[The problem]
The answer must be a word-for-word copy of the records below, with every picture left out.

Source data:
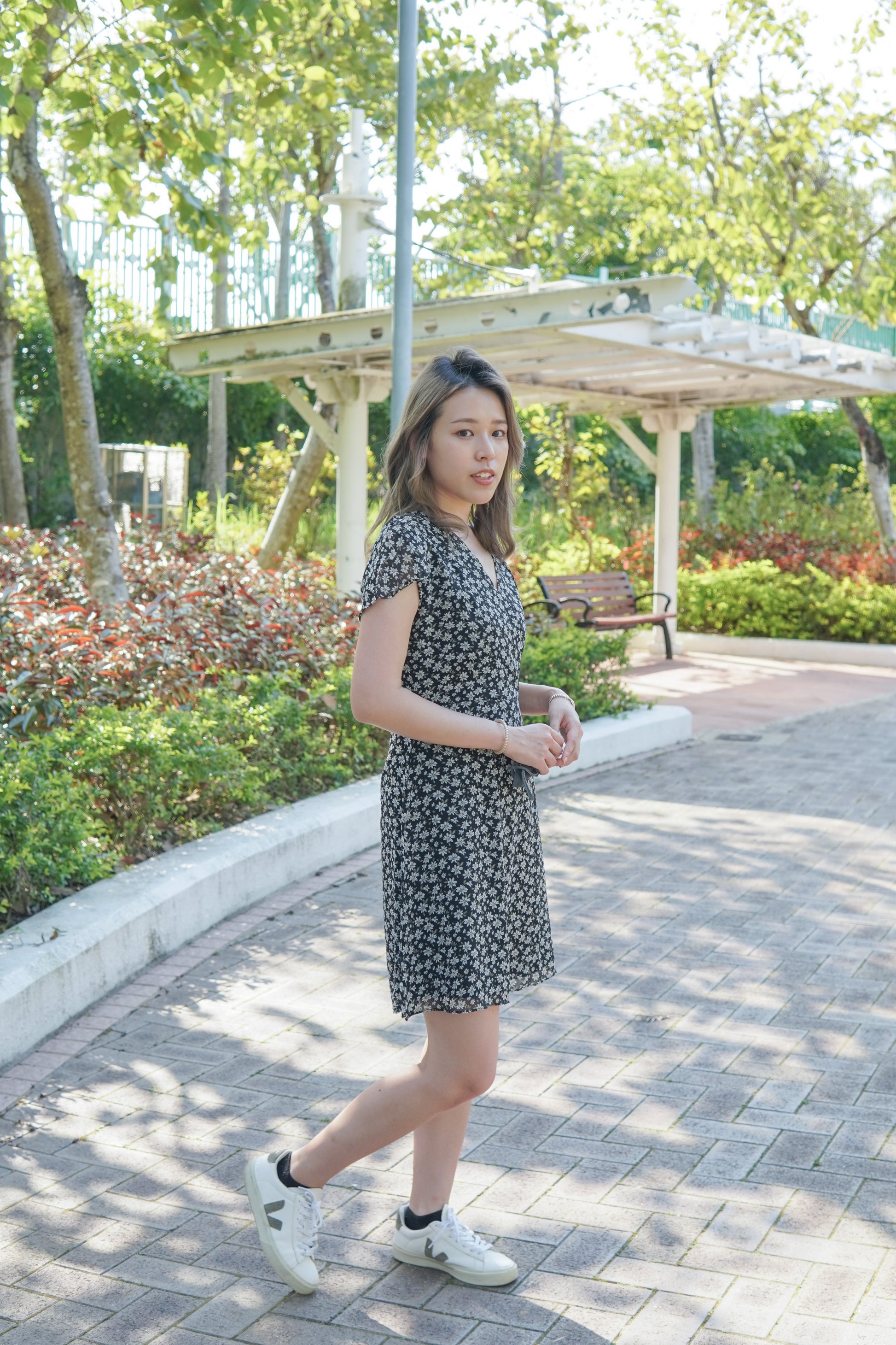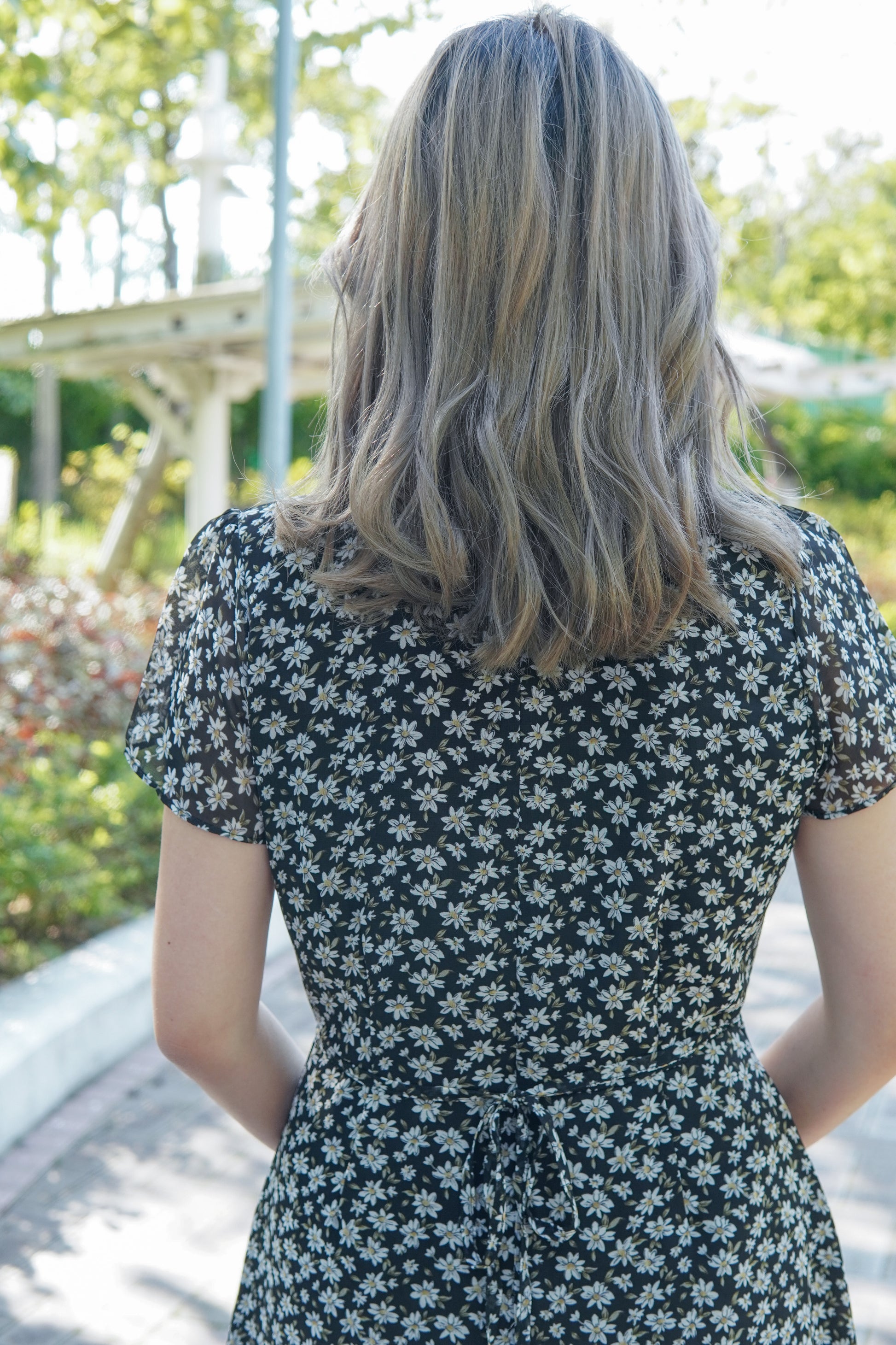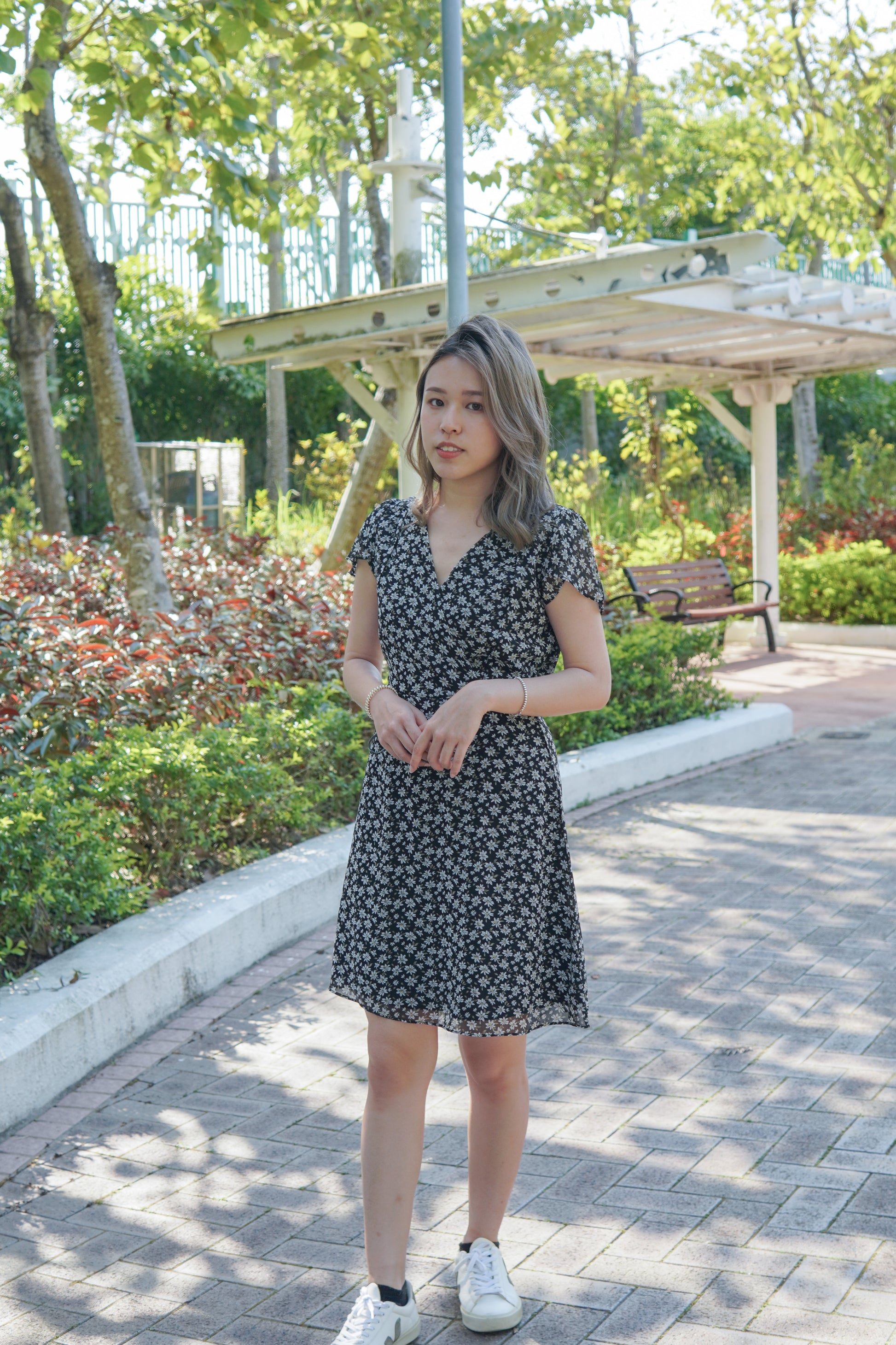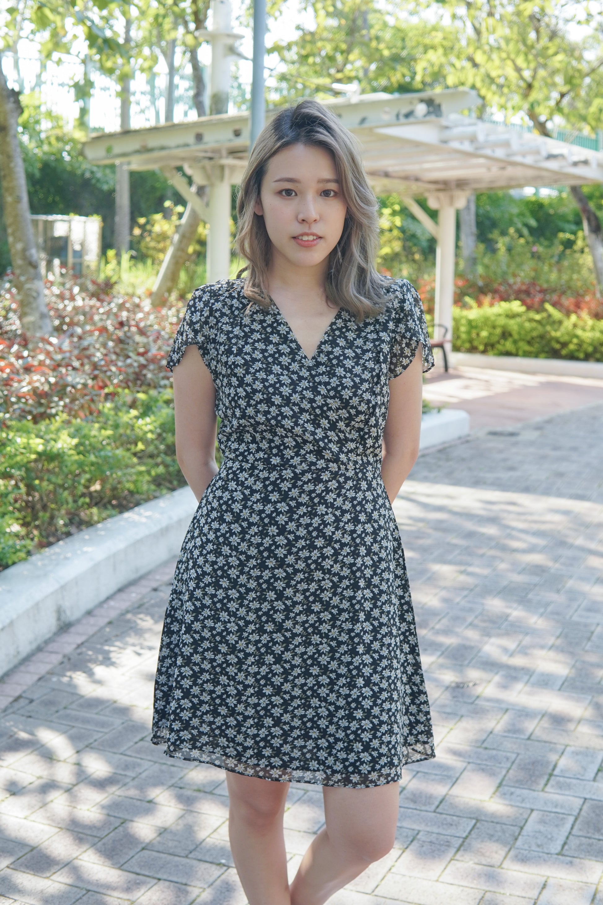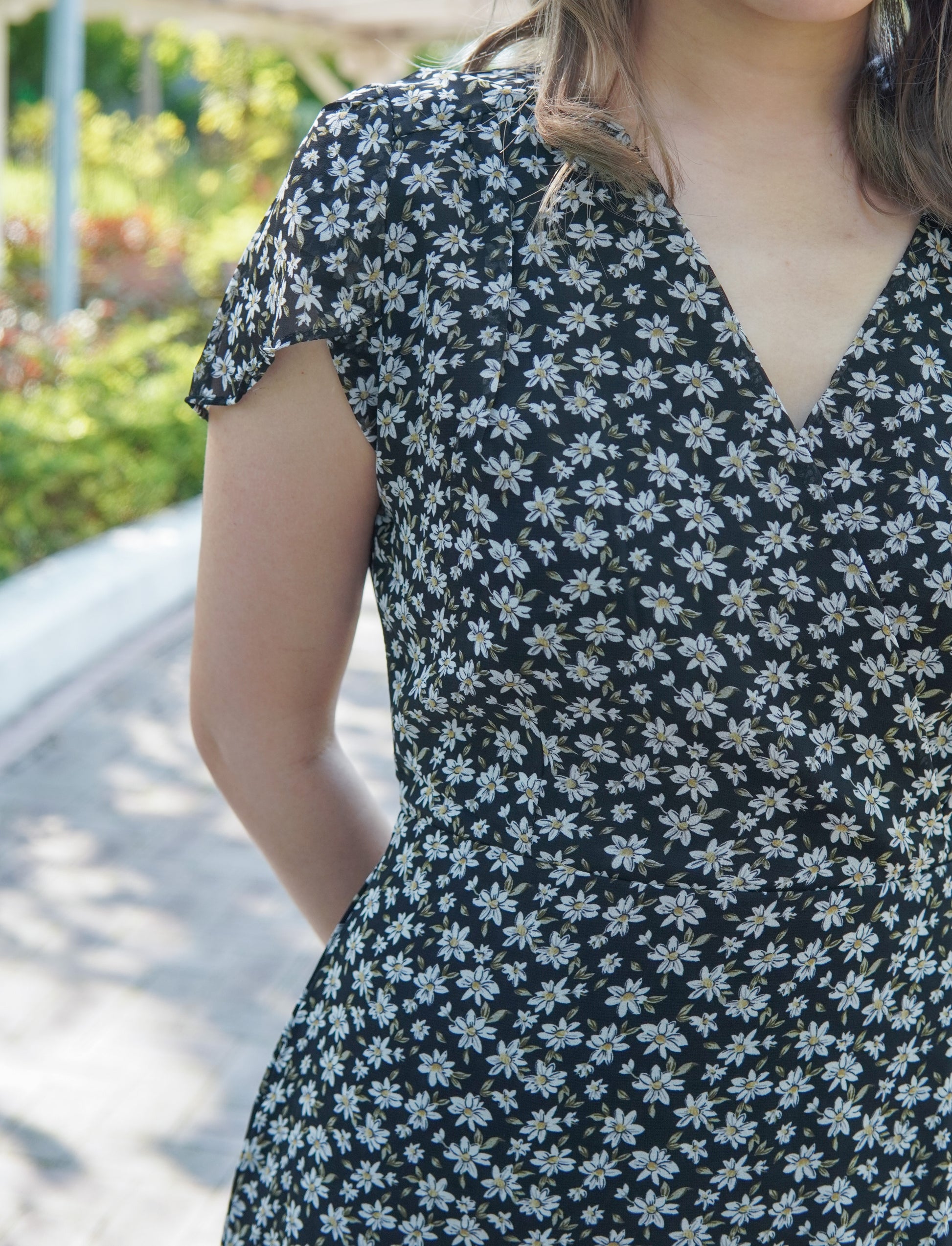 花瓣袖雛菊雪紡OPS | 黑 (現貨)
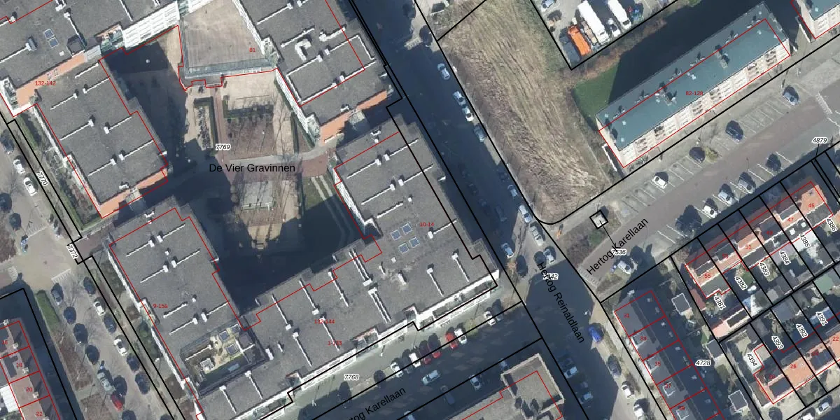 Het perceel waarop De Vier Gravinnen 55 staat heeft een oppervlakte van 9636 m². Dit is een zeer groot perceel. De perceeloppervlakte wordt geregistreerd door het Kadaster. Gedetailleerde informatie over de maten van dit perceel kunt u vinden in het rapport Kadastrale kaart met maatvoering van De Vier Gravinnen 55.
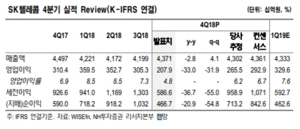 ADT캡스가 연결기준으로 편입되었으나, 요금인하 영향에 따른 이동전화 수익 감소와 SK플래닛관련 일회성 비용 약 900억원이 반영되면서 영업이익은 부진했다.
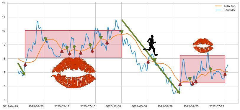 2021-11-11至2022-07-29 慢线与快线多次接触,存在上下穿越,有缠绕
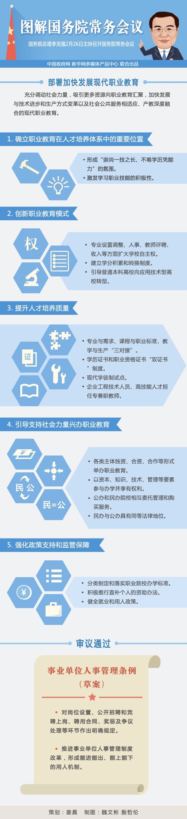 新華社北京2月26日電 國(guó)務(wù)院總理李克強(qiáng)2月26日主持召開(kāi)國(guó)務(wù)院常務(wù)會(huì)議,部署加快發(fā)展現(xiàn)代職業(yè)教育,審議通過(guò)《事業(yè)單位人事管理?xiàng)l例(草案)》。
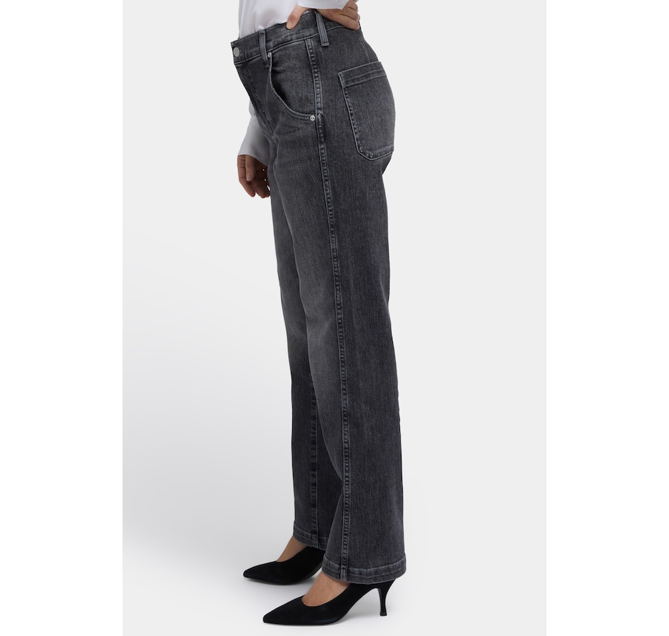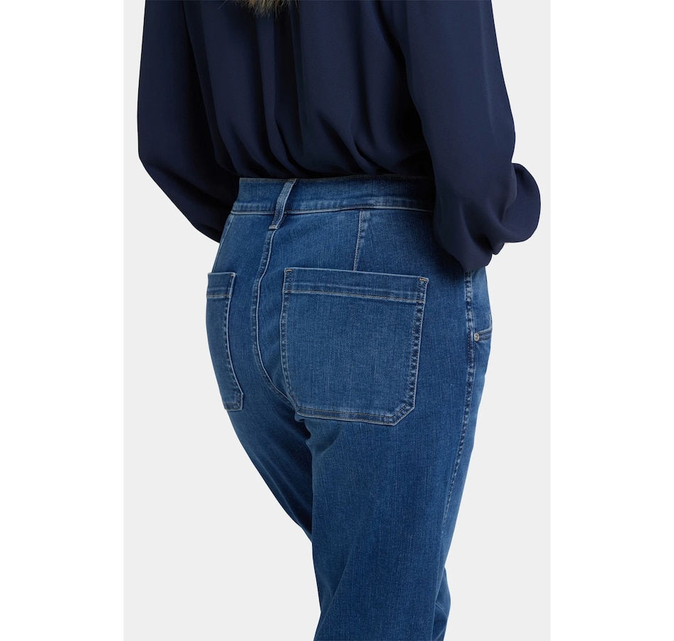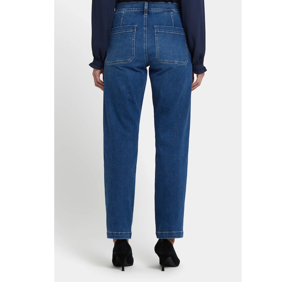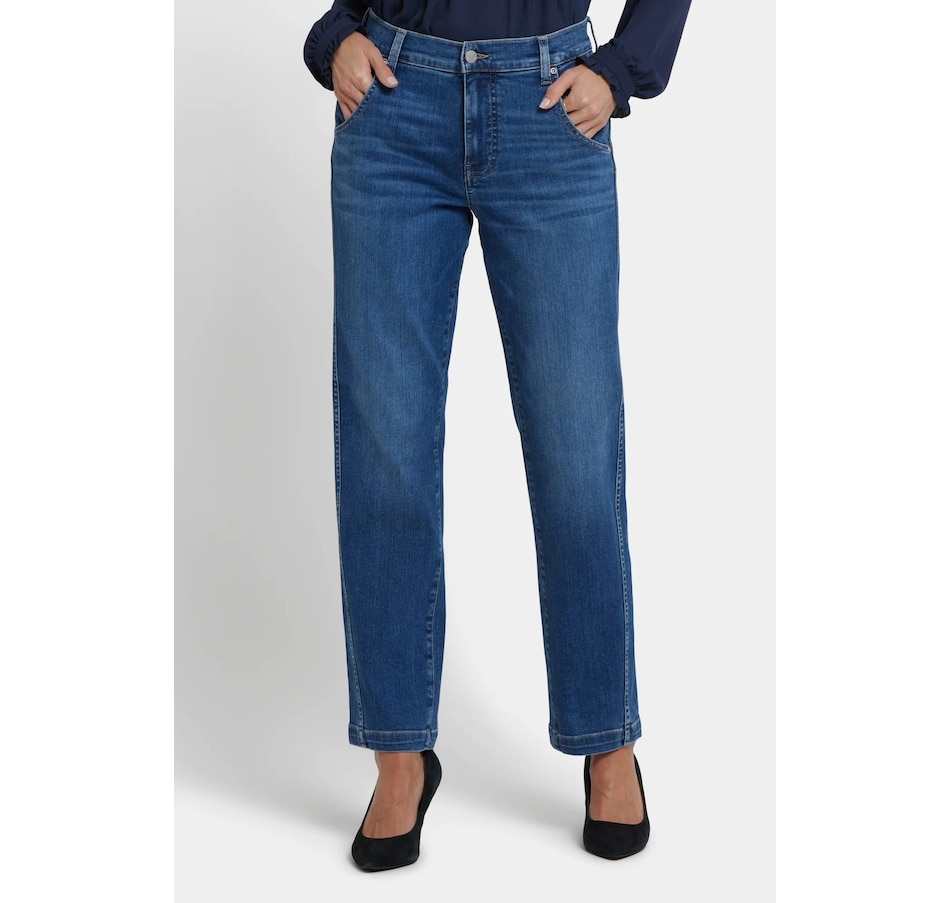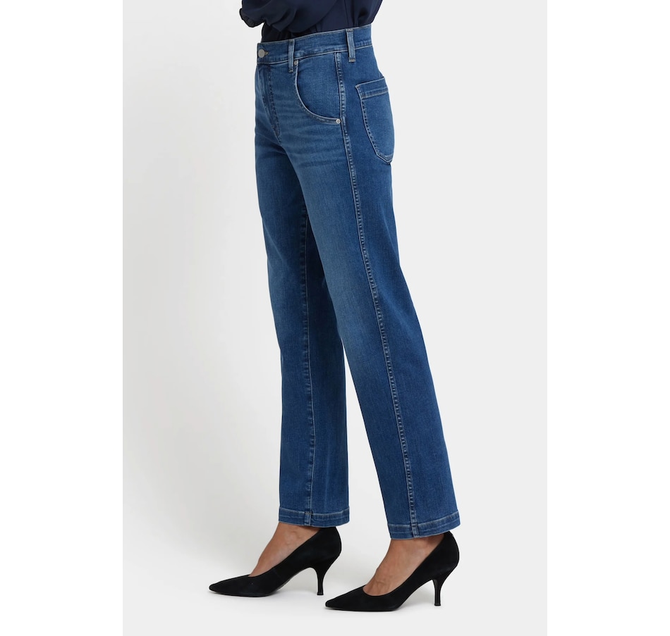 NYDJ's Brooke loose straight jean will make you look as good as you feel wearing it. This vintage-inspired jean features a relaxed straight fit through the legs and a curve-flattering high rise. It finishes with a four-pocket styling, zip fly and button closure. This jean is made with earth-friendly methods that result in reduced consumption of water, chemicals and/or energy.

[Answer section]
 花瓣袖雛菊雪紡OPS | 黑 (現貨)
 Het perceel waarop De Vier Gravinnen 55 staat heeft een oppervlakte van 9636 m². Dit is een zeer groot perceel. De perceeloppervlakte wordt geregistreerd door het Kadaster. Gedetailleerde informatie over de maten van dit perceel kunt u vinden in het rapport Kadastrale kaart met maatvoering van De Vier Gravinnen 55.
 ADT캡스가 연결기준으로 편입되었으나, 요금인하 영향에 따른 이동전화 수익 감소와 SK플래닛관련 일회성 비용 약 900억원이 반영되면서 영업이익은 부진했다.
 2021-11-11至2022-07-29 慢线与快线多次接触,存在上下穿越,有缠绕
 新華社北京2月26日電 國(guó)務(wù)院總理李克強(qiáng)2月26日主持召開(kāi)國(guó)務(wù)院常務(wù)會(huì)議,部署加快發(fā)展現(xiàn)代職業(yè)教育,審議通過(guò)《事業(yè)單位人事管理?xiàng)l例(草案)》。
 NYDJ's Brooke loose straight jean will make you look as good as you feel wearing it. This vintage-inspired jean features a relaxed straight fit through the legs and a curve-flattering high rise. It finishes with a four-pocket styling, zip fly and button closure. This jean is made with earth-friendly methods that result in reduced consumption of water, chemicals and/or energy.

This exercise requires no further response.